Data under study
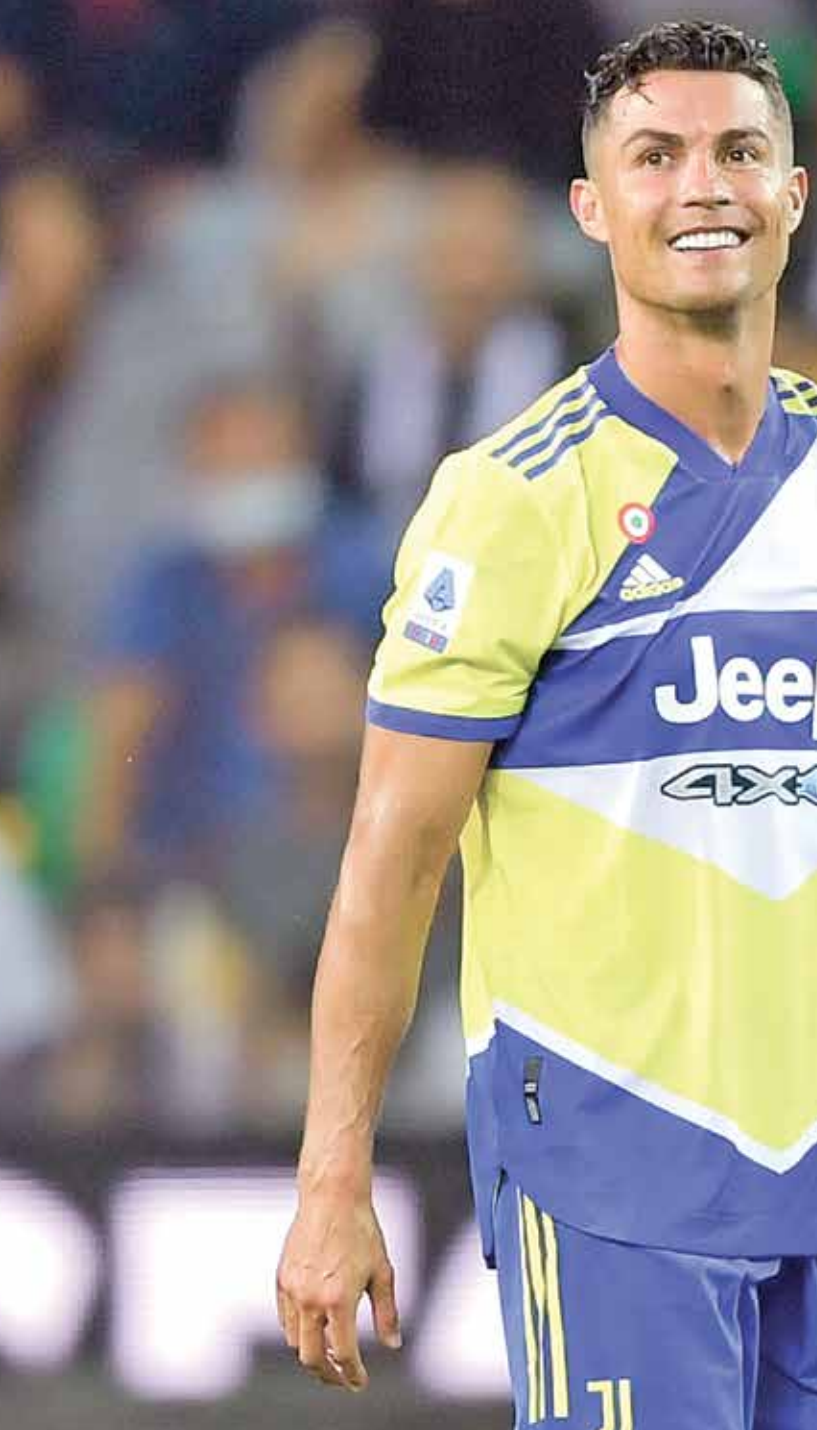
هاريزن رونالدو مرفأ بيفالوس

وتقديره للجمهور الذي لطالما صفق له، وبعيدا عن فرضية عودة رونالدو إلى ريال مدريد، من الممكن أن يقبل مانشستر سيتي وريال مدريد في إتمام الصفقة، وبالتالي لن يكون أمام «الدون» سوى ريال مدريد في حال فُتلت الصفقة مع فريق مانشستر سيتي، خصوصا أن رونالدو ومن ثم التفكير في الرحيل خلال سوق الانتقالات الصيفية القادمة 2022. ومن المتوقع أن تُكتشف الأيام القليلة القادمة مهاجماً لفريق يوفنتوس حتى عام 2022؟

==

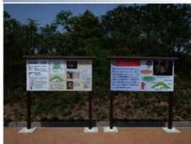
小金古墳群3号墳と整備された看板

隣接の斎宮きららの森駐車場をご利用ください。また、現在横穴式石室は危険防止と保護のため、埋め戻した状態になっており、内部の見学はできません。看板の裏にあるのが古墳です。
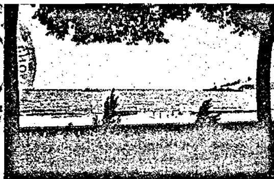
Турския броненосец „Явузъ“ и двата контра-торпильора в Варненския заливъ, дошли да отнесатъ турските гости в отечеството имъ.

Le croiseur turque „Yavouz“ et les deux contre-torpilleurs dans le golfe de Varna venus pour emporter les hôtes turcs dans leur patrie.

==

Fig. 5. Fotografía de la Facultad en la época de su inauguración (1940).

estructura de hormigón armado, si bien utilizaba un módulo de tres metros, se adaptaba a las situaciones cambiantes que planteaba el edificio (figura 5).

Your task
Please, from the material above, copy only the lines from the line with "هاريزن رونالدو مرفأ بيفالوس" up to and including the line with "وتقديره للجمهور الذي", exactly as written.

Response to this exercise
هاريزن رونالدو مرفأ بيفالوس

وتقديره للجمهور الذي لطالما صفق له، وبعيدا عن فرضية عودة رونالدو إلى ريال مدريد، من الممكن أن يقبل مانشستر سيتي وريال مدريد في إتمام الصفقة، وبالتالي لن يكون أمام «الدون» سوى ريال مدريد في حال فُتلت الصفقة مع فريق مانشستر سيتي، خصوصا أن رونالدو ومن ثم التفكير في الرحيل خلال سوق الانتقالات الصيفية القادمة 2022. ومن المتوقع أن تُكتشف الأيام القليلة القادمة مهاجماً لفريق يوفنتوس حتى عام 2022؟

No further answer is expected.